Records from a data collection
◆ ◆ ◆ ◆
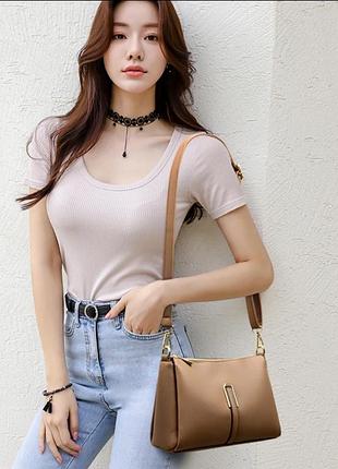 Стильная и удобная женская сумочка. Имеет короткий да длинный ремешок, внутри содержит 3 отделения. Цвет темный беж, материал искусственная кожа
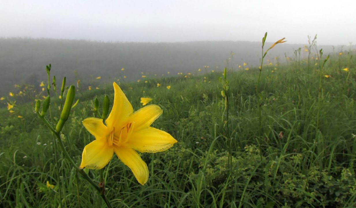 今が咲き盛りのユウスゲの群生
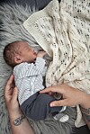 Babyfilten med det vackra mönstret stickar du i ett mjukt garn av bomull och merinoull. Den blir sedan en perfekt bebispresent.
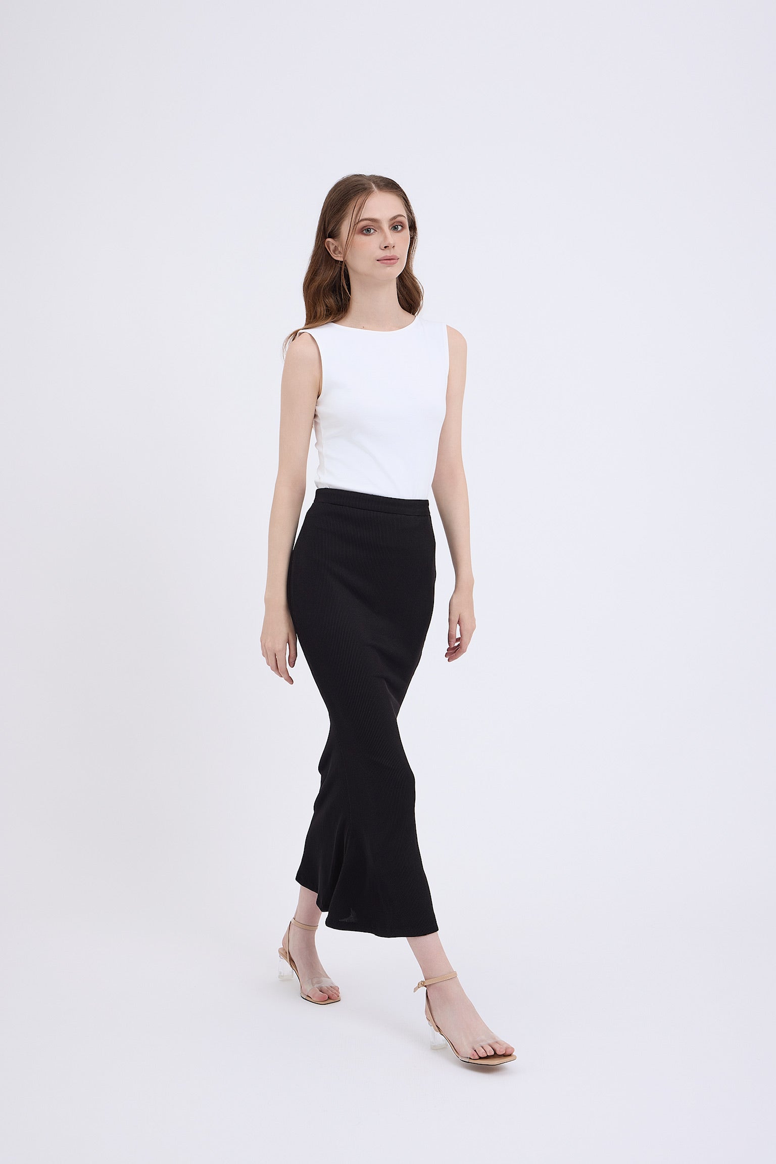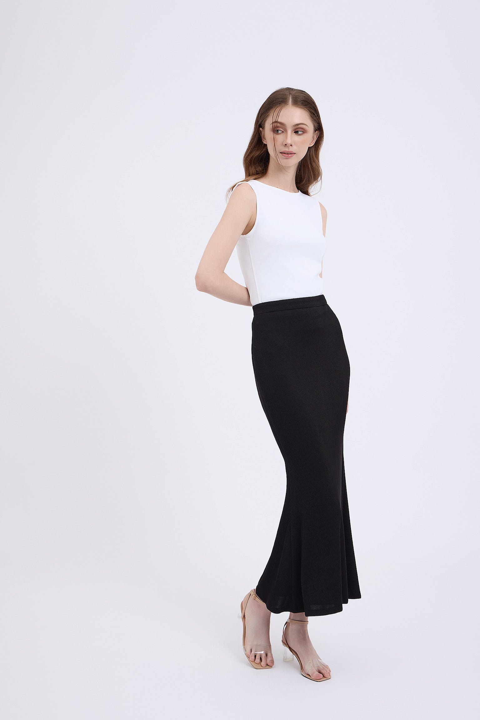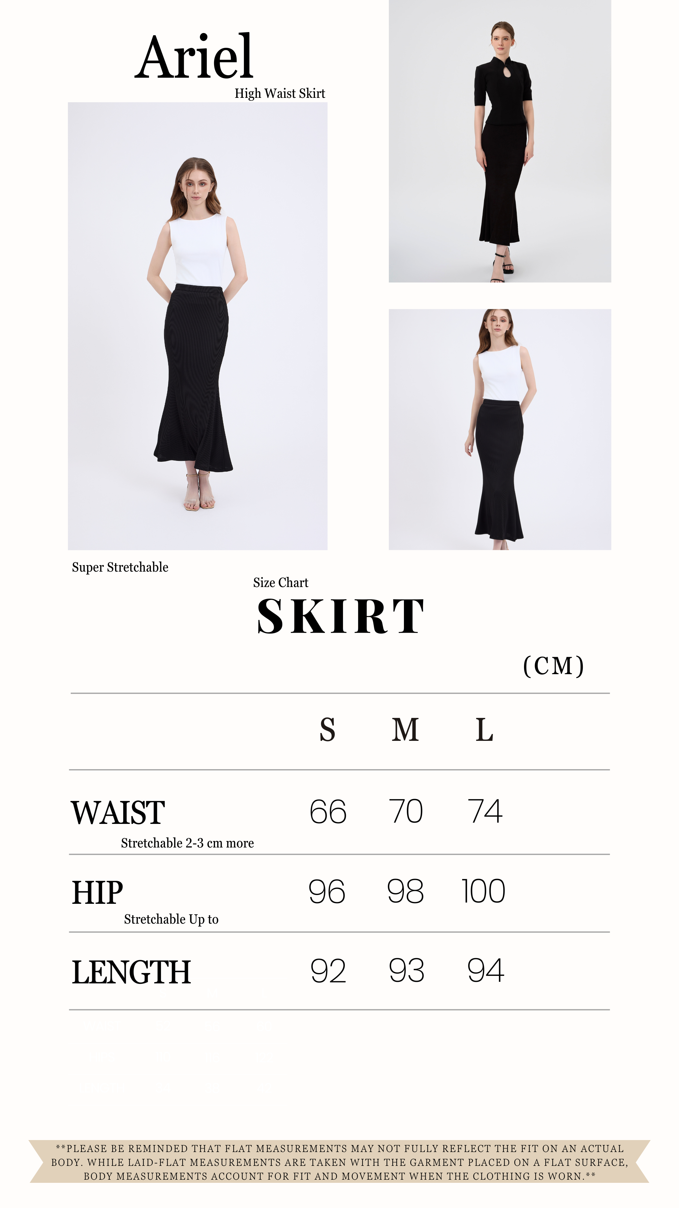 Ariel is designed to sculpt softly and move effortlessly. Cut in a flattering high-rise silhouette, this skirt skims the hips before flaring gently at the hem — elongating the form with quiet confidence.
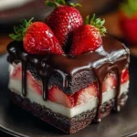 8. Before serving, garnish with fresh strawberries and drizzle melted chocolate over the top.
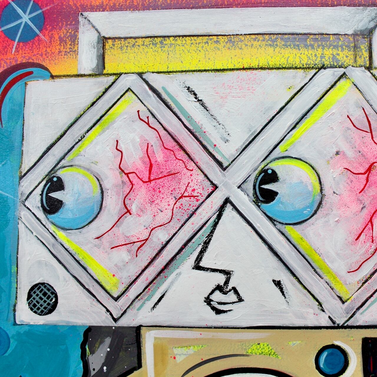 Vinnie Nylon has emerged as a graffiti writer in the 1980s and is known to have had a significant influence on many street artists, including Banksy. His pop and nostalgic style of freehand lines, mixing the old with the new, is admired not only by collectors but also by artists.
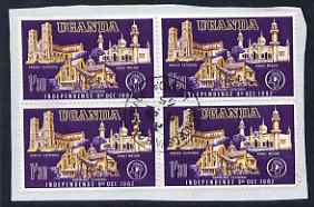 Uganda 1962 independence 1s30 block of 4 fine used, one stamp with large flaw by Dome of Cathedral, SG 106v19
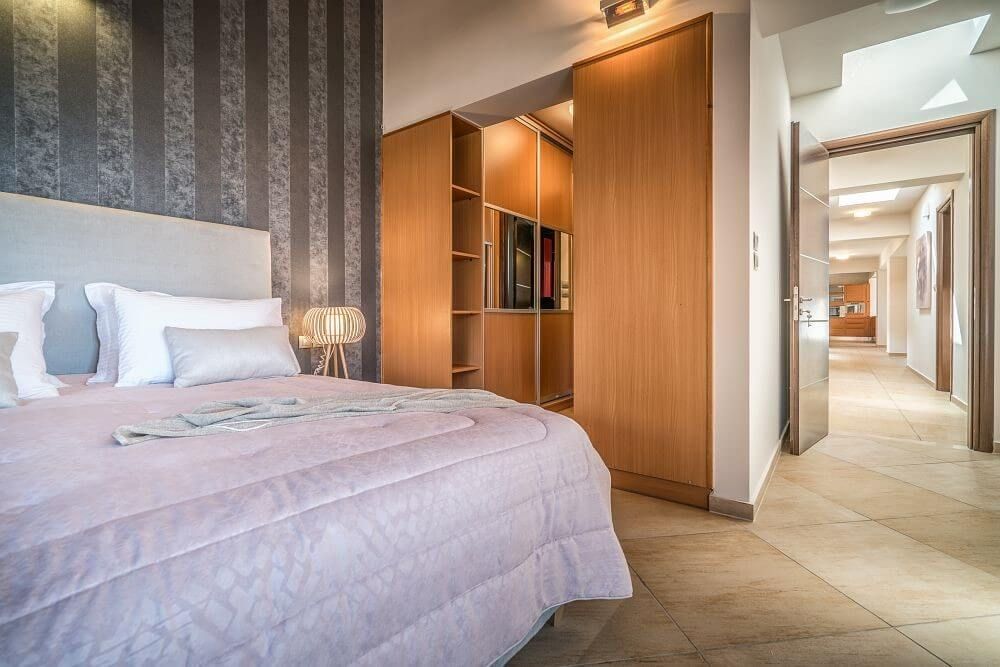 Frank villa has a total of 280 m2 which can comfortably accommodate up to 14 guests and consists of 4 main bedrooms, a cozy loft, an open plan space can be used also as a sleeping area and 3 bathrooms.
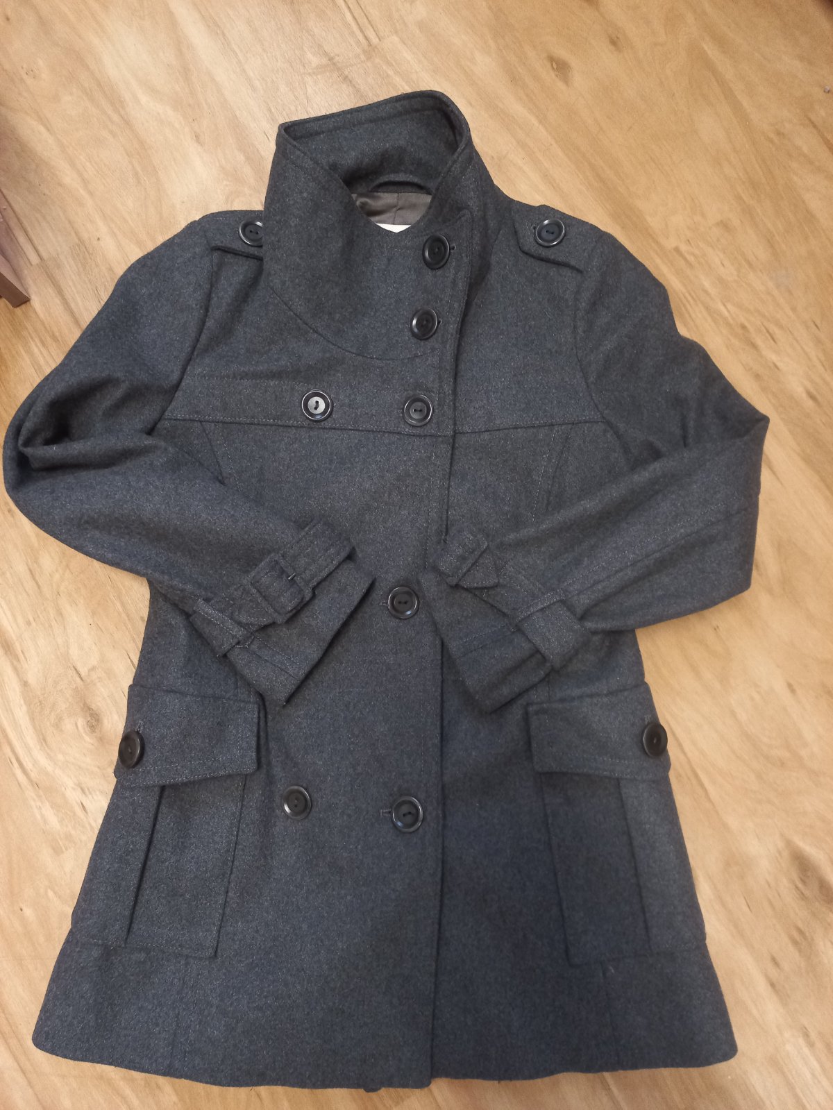 Dámsky kabátik s velkými vreckami. Vysoký golier. Dĺžka 80 cm, šírka prsia 52 cm, cez pás 46 cm. Treba sa zmerať. Aj pre M možno sedí . Kto ako má rád, či volnejšie, či obtiahnutejsie. . Materiál je ako na zimné kabáty, no nie hrubý na tuhú zimu. ZN: KACKPOT
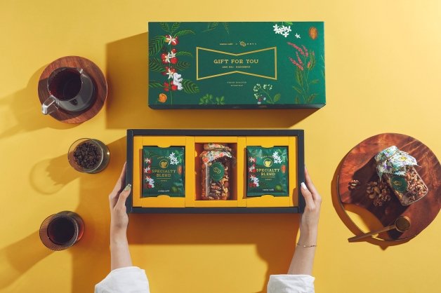 cama café今年攜手團圓堅果聯名推出「中秋團圓禮盒」,以綠色和黃色的大地色為主色調,搭配手繪植物插圖,象徵自然的生生不息,內含有以日曬和水洗的中度烘培「林間寶石」濾掛咖啡和堅果罐,堅果罐包含核桃、杏仁和腰果,堅持無調味製程,保有果仁的香氣和甜味,咖啡配堅果堆疊出豐富的口感!
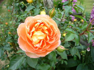 パット・オースチン ディープカップ咲きの大輪の花で、開いてからしばらくすると花が下を向いてしまいます。たぶん茎がやわらかいのでそうなるのでしょうが、花瓶に生けた時に他のバラとは違った雰囲気になります。 |
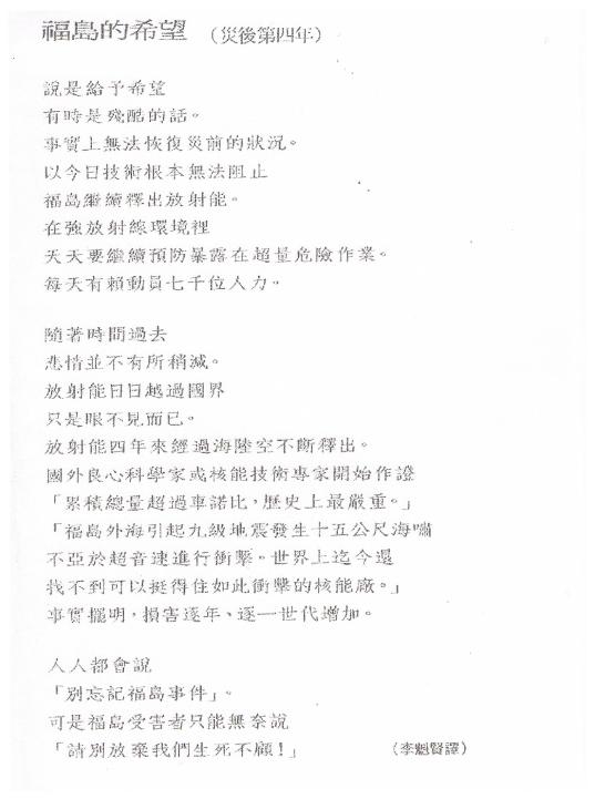 By Taki Yuriko Government promises Can kill. The reality is There will be no pre-accident Fukushima. Our best techniques cannot even halt Fukushima’s current radioactive output. Daily stopgap work continues Just to prevent more accidents. Our survival still depends daily on a 7000-person workforce. Time does not Heal all wounds. Radiation leaks unseen Across national borders every day. Even after four years, radioactive emissions have continued unabated into the land, sky and sea. Expert opinions have begun coming in From ethical scientists and nuclear plant engineers abroad. “The aggregate radiation level has already surpassed that of Chernobyl, making it the worst in history.” “The 15-meter-high tsunami generated by the magnitude 9 earthquake that occurred off the coast of Fukushima delivered its impact with a velocity greater than that of the speed of sound. There is no nuclear plant of this grade worldwide that can withstand such force.” The damage will worsen with each passing year, with each generation, And finally become manifest. Everyone else is saying, “We will not forget Fukushima.” But the Fukushima victims say, “Don’t leave us for dead.” |
◆ ◆ ◆ ◆
Exercise |
If a line falls between the first line of the records above and the line containing "Babyfilten med det", inclusive, retype it exactly; leave pictures out.

Exercise solution |
 Стильная и удобная женская сумочка. Имеет короткий да длинный ремешок, внутри содержит 3 отделения. Цвет темный беж, материал искусственная кожа
 今が咲き盛りのユウスゲの群生
 Babyfilten med det vackra mönstret stickar du i ett mjukt garn av bomull och merinoull. Den blir sedan en perfekt bebispresent.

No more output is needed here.